Until you understand that the core of unix time is the "day", in the end, you only need to know the first leap year (If I recall properly it is 1972), then you have to handle the "rules" of leap years, and you will be ok (wikipedia I think, don't use google anymore since they now force javascript upon new web engines).

I did write such code in RISC-V assembly (for a custom command line on linux to output the statx syscall output). Then, don't be scared, with a bit of motivation, you'll figure it out.

DamonHD

The core of the UNIX time is seconds since epoch, nothing else. 'Day' has no special place at all. There are calendars for converting to and from dates, including Western-style, but the days in those calendars vary in length because of daylight saving switches and leap seconds for example.

Kwpolska

UNIX time ignores leap seconds, so every day is exactly 86400 seconds, and every year is either 365*86400 or 366*86400 seconds. This makes converting from yyyy-mm-dd to UNIX time quite easy, as you can just do `365*86400*(yyyy-1970) + leap_years*86400` to get to yyyy-01-01.

udidnmem

You cannot since it's missing time zone

RHSeeger

UTC is a timezone, though. Or am I misunderstanding what you're saying?

cvadict

That is fine as long as the input / output is always in UTC... but at the end of the day you often want to communicate that timepoint to a human user (e.g. an appointment time, the time at which some event happened, etc.), which is when our stupid monkey brains expect the ascii string you are showing us to actually make sense in our specific locale (including all of the warts each of those particular timezones have, including leap second, DST, etc.)

jxjsndbxbd

UTC would be marked as +Z

Without any marking, it could be anything

loeg

The article explicitly mentions UTC all over the place. It's UTC.

DamonHD

No '+'.

Noon UTC is "12:00Z".

emcell

again, one of the many reasons i dont code in c or cpp anymore

pif

And the fox said: "These grapes are sour".

Dylan16807

That makes no sense in this context. What's the situation you're imagining where they wanted to use C but something else prevented them so they made up an excuse to call C bad?
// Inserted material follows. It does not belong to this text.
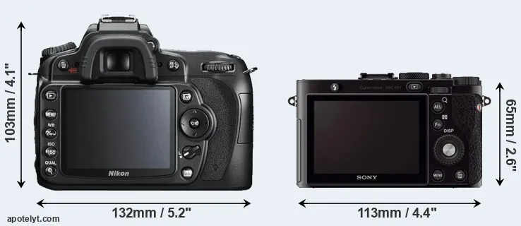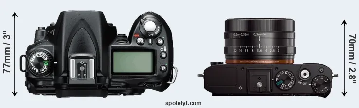 The physical size and weight of the Nikon D90 and the Sony RX1 are illustrated in the side-by-side display below. The two cameras are presented according to their relative size. Three successive views from the front, the top, and the rear are shown. All width, height and depth dimensions are rounded to the nearest millimeter.

You know sometimes people just dislike things, right?

zX41ZdbW

The first rule of thumb is to never use functions from glibc (gmtime, localtime, mktime, etc) because half of them are non-thread-safe, and another half use a global mutex, and they are unreasonably slow. The second rule of thumb is to never use functions from C++, because iostreams are slow, and a stringstream can lead to a silent data loss if an exception is thrown during memory allocation.

ClickHouse has the "parseDateTimeBestEffort" function: https://clickhouse.com/docs/en/sql-reference/functions/type-... and here is its source code: https://github.com/ClickHouse/ClickHouse/blob/74d8551dadf735...